5000000*87, what does (87-42) mean?
maggie0830 opened this issue · 3 comments
maggie0830 commented
As we know, we use the denoise.c get 42 features, but when we run "denoise_training speech.pcm noise.pcm " we get 5000000*87 feature matrix. And including the 42 feature infeature matrix, what dose the (87-42) mean? thanks
maggie0830 commented
42 features extraction + 22 expected gain +22 noise logarithmic spectrum+1 vad=87, so that we get 5000000*87 matrix.
mysteryjeans commented
There isn't much I can find on training. I want to train for 8K narrow band and interested to train on MS-SNSD dataset combine with various noise dataset shared on demo.
Can you help with following questions?
- Do I need to downsample all dataset to 8KHz or I just need to downsample dataset to match with 16KHz samples in MS-SNSD?
- signal.raw mentioned in TRAINING-README should contain noise? or I need to use clean audio files provided MS-SNSD clean_train folder as is?

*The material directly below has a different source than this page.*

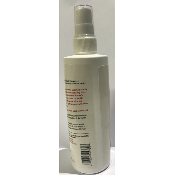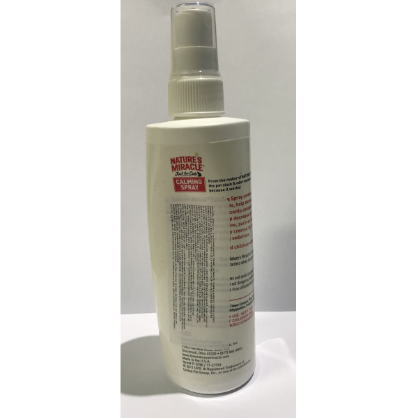 LONG LASTING CONCENTRATED SPRAY, CONTAINS SOOTHING SCENTSWHICH, WHEN SMELLED BY CATS, HELP DECREASE ANXIETY. CATSARE NATURALLY SKITTISH, THE SCENT CONTAINED IN NATURES MIRACLE CALMING SPRAY HELP DECREASE STRESS CAUSED BY CHANGES IN PETS DAILY ROUTINE, SUCH AS SEPARATION AND TRAVEL. THE FEELING IF SAFETY CREATED BY THE SCENTS WILL ALLOW CATS TO RELAX WITHOUT USING SEDATIVES.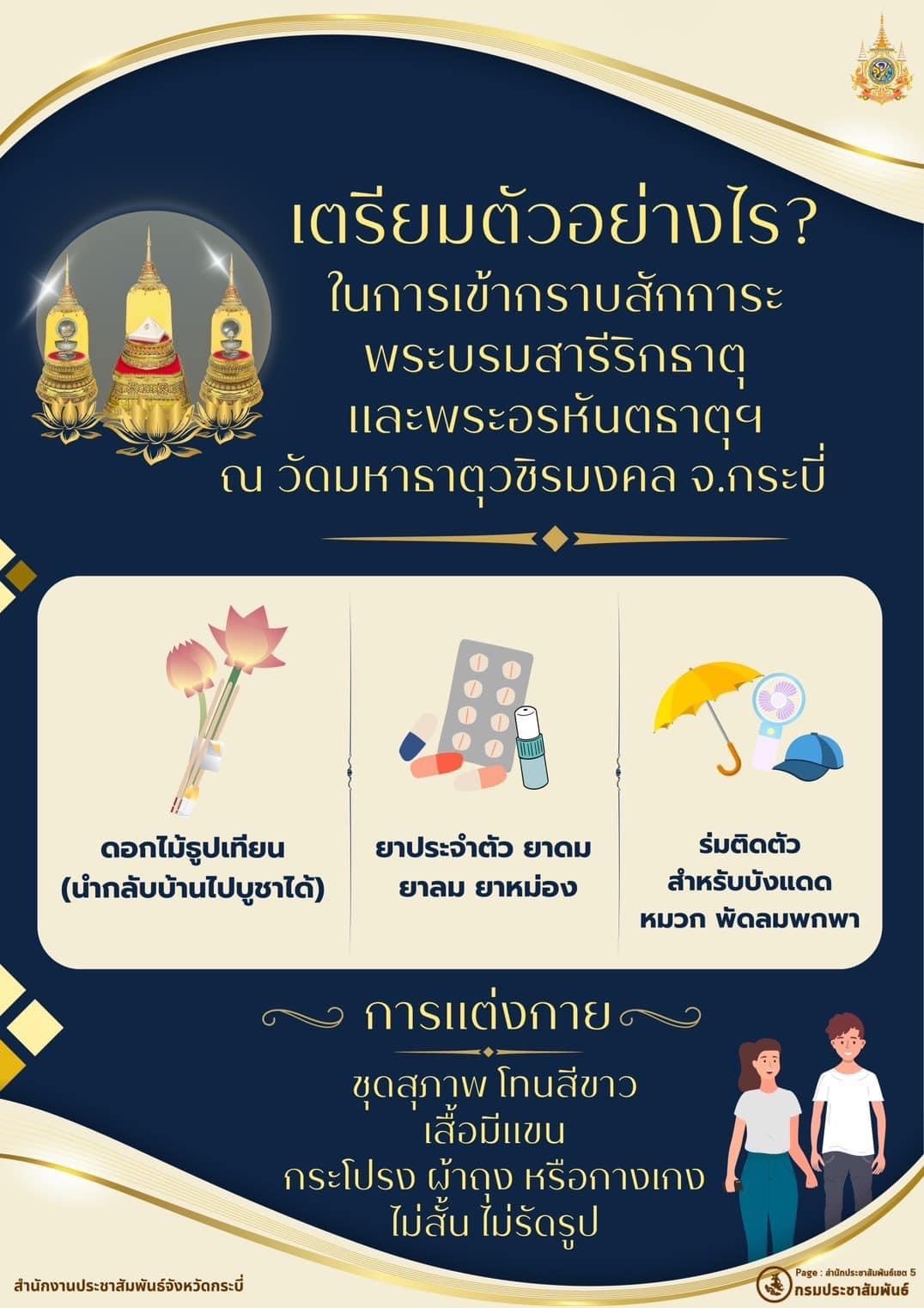 “ชาวกระบี่ พร้อมรับการอัญเชิญพระบรมสารีริกธาตุและพระอรหันตธาตุฯ จากสาธารณรัฐอินเดีย มาประดิษฐานชั่วคราว ณ วัดมหาธาตุวชิรมงคล (วัดบางโทง)” เชิญชวนพุทธศาสนิกชนร่วมกราบสักการะ

- denoise_training takes only one signal.raw and noise.raw. so how can I run it on multiple files since it overrides every time training.f32? do I need to combine all clean audio files in one and noises in another audio file?
RXAldreezee commented
Hi, what is the function of denoise_training file? I can't seem to open it to check out its function. Please, thanks.